Like most people in the centre, Telde is educated and middle class. In Africa only those with resources, money or a skill they can sell, can travel far on the refugee trail. "Some even travel with bank cards," says Terry Gosden, a British social worker in his early 50s who runs the centre. He lists a gynaecologist, lawyer, teachers and engineers among the 400 residents, almost all of whom are young men.

"I think we probably have the cream of the countries here. Which begs the question: if Malta is representative of who is coming to Europe, how can you expect stable governments to emerge in Africa if you take out the middle class?"

So are Gosden's clients merely economic migrants rather than refugees? No, he says. He thinks the line between an economic migrant and refugee is usually non-existent, especially in Africa. Take Somalia, from where half the 400 residents come. "It hasn't had a stable government in 15 years," he says. "Five warlords run the country. If a warlord down the road doesn't like you, you get taken out. If you are trying to start a business, as soon as it starts doing well someone will take it off you at the point of a gun."

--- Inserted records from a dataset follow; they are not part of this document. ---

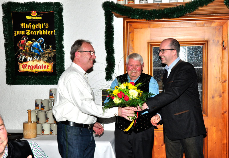 Josef Kell bekommt von Heini Hermann und mir einen Blumenstrauß für die erkrankte Gattin, die leider nicht kommen konnte.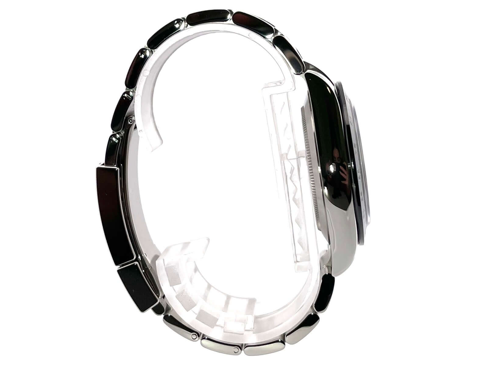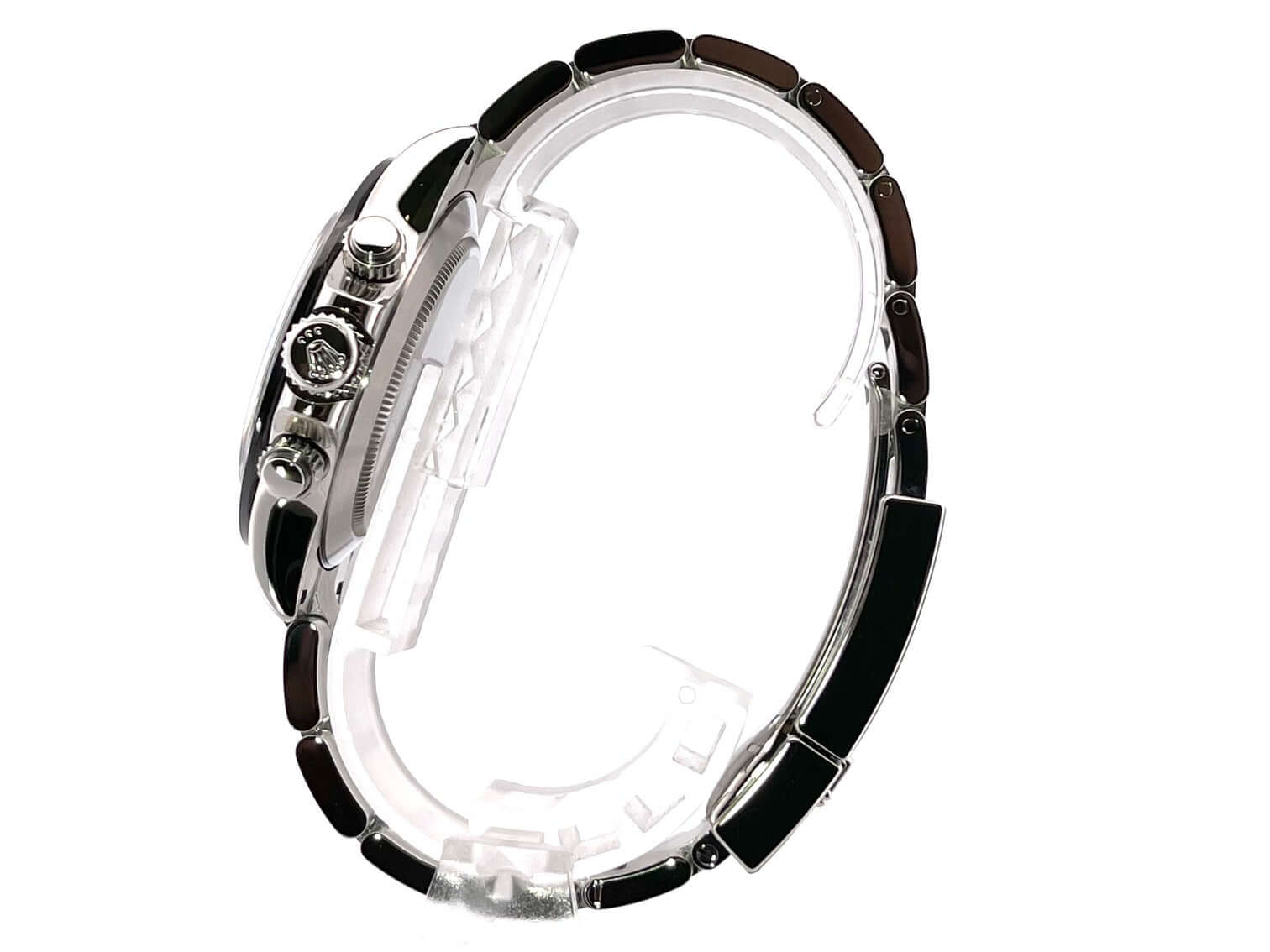 Case made of polished and satined stainless steel, ceramic bezel with tachymeter scale, Oyster stainless steel bracelet polished and satined with safety folding clasp, white dial, luminous hands, Rolex manufacture caliber 4130, 44 jewels, power reserve approx. 72 hours, chronometer, sapphire crystal, screw-down crown with side protection and manufacturer logo , screwed stainless steel base, waterproof up to 10 bar.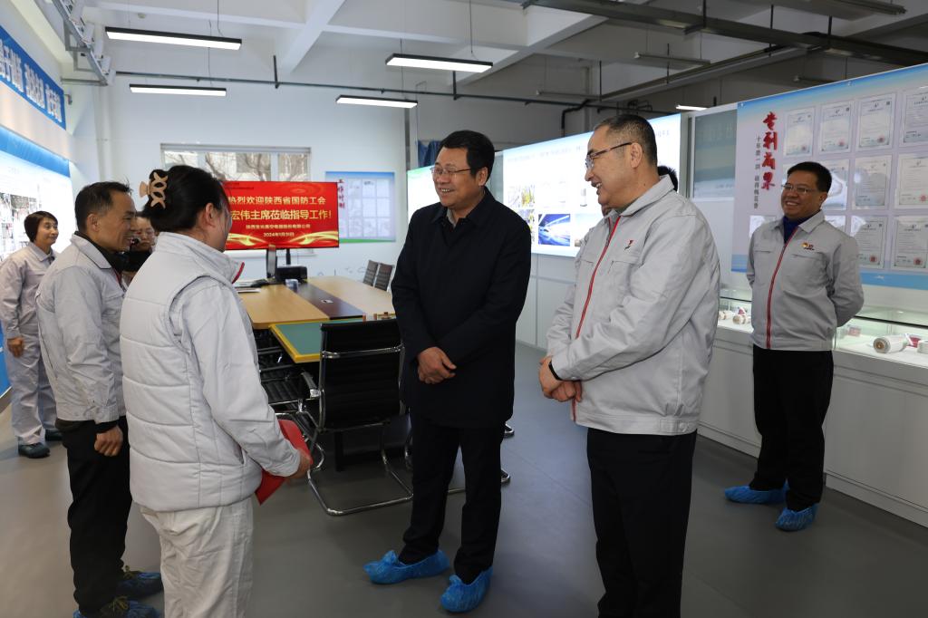 1月31日下午,陜西省國(guó)防工會(huì)主席馬宏偉、綜合部部長(zhǎng)張鵬一行到寶光集團(tuán)調(diào)研,并慰問(wèn)全國(guó)勞模及困難職工。寶光集團(tuán)黨委書記、董事長(zhǎng)、總經(jīng)理謝洪濤,黨委副書記、紀(jì)委書記、工會(huì)主席姚書勤陪同調(diào)研慰問(wèn)。

Gosden says the migrants "have left a lot of dead behind, both in the countries they come from and on the journey itself". Since everyone knows they are carrying money, "they are preyed upon every step of the way across Africa".

He tells of men assaulted, women gang raped, brothers put into separate boats, one of which sank beside the other. A no-nonsense East Ender, he doesn't ask psychologists into his centre because "I'm afraid if you take the lid off these people they'll fall apart".

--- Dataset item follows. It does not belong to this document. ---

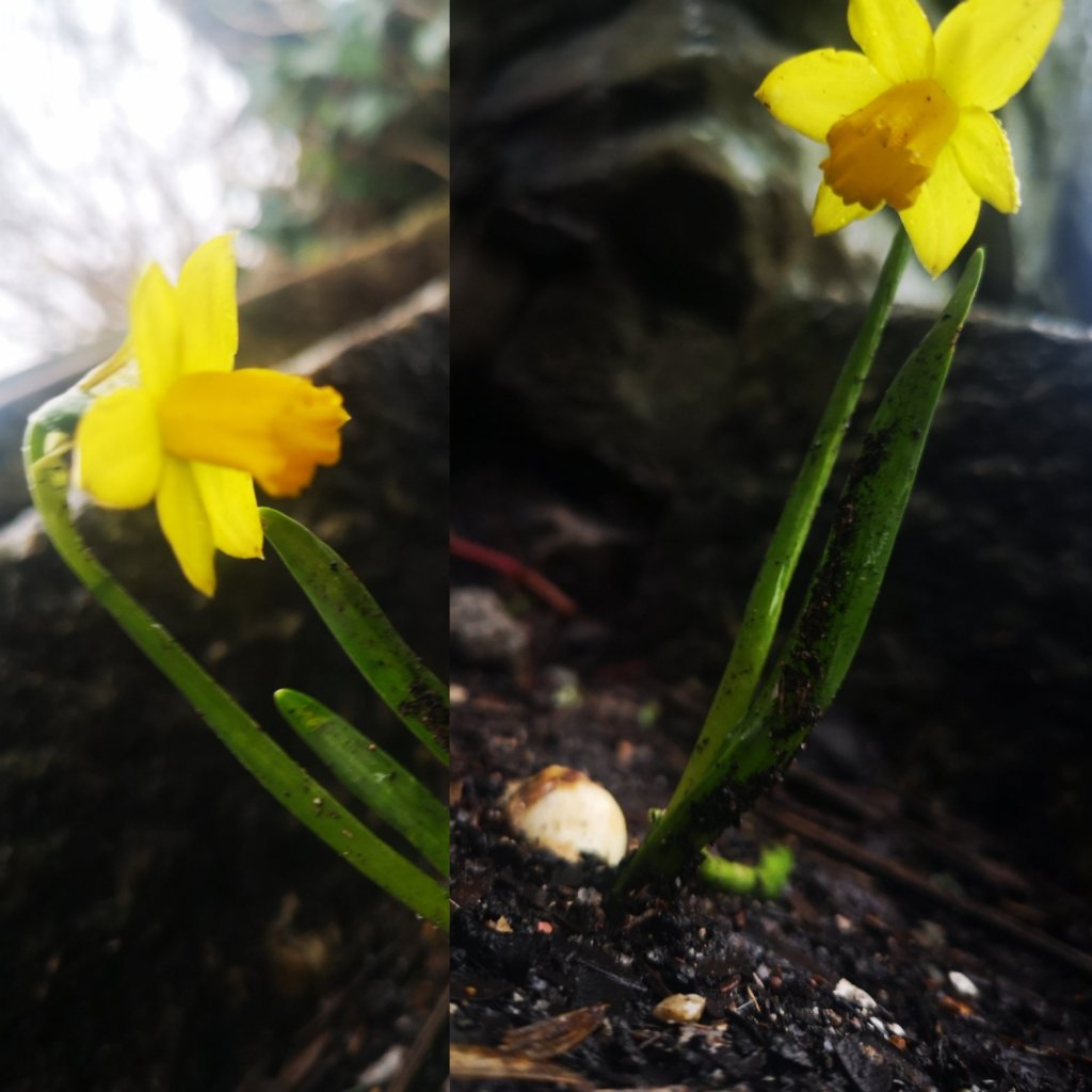 Being focused on just keeping upright has had two bonuses. Firstly this tiny daffodil , who against the odds, is growing through tarmac, near a busy cut through. In normal times the views here are spectacular so no one looks at the ground. I cannot imagine he will be here long.

Instead, he has a more basic remedy: the dignity of work. He has encouraged people to run businesses in the centre: hairdressers, restaurants, an internet room. He says that 360 of his 400 clients have found jobs in Malta, mainly in cleaning and construction.

"They come out of detention scared and very angry because of the perceived injustice of being locked up. When they start getting anxious, I tell them, 'there's a job out there with your name on it'."

Warsame Ali Garare, a 26-year-old Somalian, is Gosden's assistant. A language teacher, he speaks English, French and Arabic as well as two Somalian tongues.

It took Garare nearly two years to make the 5000-kilometre journey from Somalia, via Niger and the Sahara, to Libya. Although his life is no longer in danger he fears being sent home.

"I don't blame the Maltese but a lot of them hate the immigrants. You feel it because you are black. It hurts too much," he says.

Can he understand the position of the Maltese, their fear of being overwhelmed? Garare nods. "If I had my choice, do you think I would leave my country? Do you think you get a better life than living with your family, your position, your honour? But when there's a fire in your house, do you let it burn or do you get out?" So what is the answer? Garare thinks for a moment then says quietly: "Peace in Somalia."

It sounds utopian, yet many are coming to agree that the only long-term solution to mass migration from Africa is the transformation of Africa. Italy's Deputy Prime Minister, Gianfranco Fini, last week said the problem would not be solved by simply shutting borders but by helping African countries.

Malta's Prime Minister, Lawrence Gonzi, has said: "We have to give people a reason to live in their own country. It is the only thing that will stop this migration."

Gosden says: "We are not going to play King Canute in Malta. The human tide is going to keep coming."

Night is falling in Marsa. A young Somalian, Mohammed Moawlid Ahmed, hears that an Australian reporter is present and beams. "My sister is in Australia," he says. "It's a good country, I want to go there."

He races off and returns with an Australia Post envelope. He slides out a sheaf of documents, including a citizenship certificate for Muna Jama Mohammed, of Granville, Sydney. "She send me the form, the application for Australia," Ahmed says with a shy smile. "I like to go to Australia. I hope."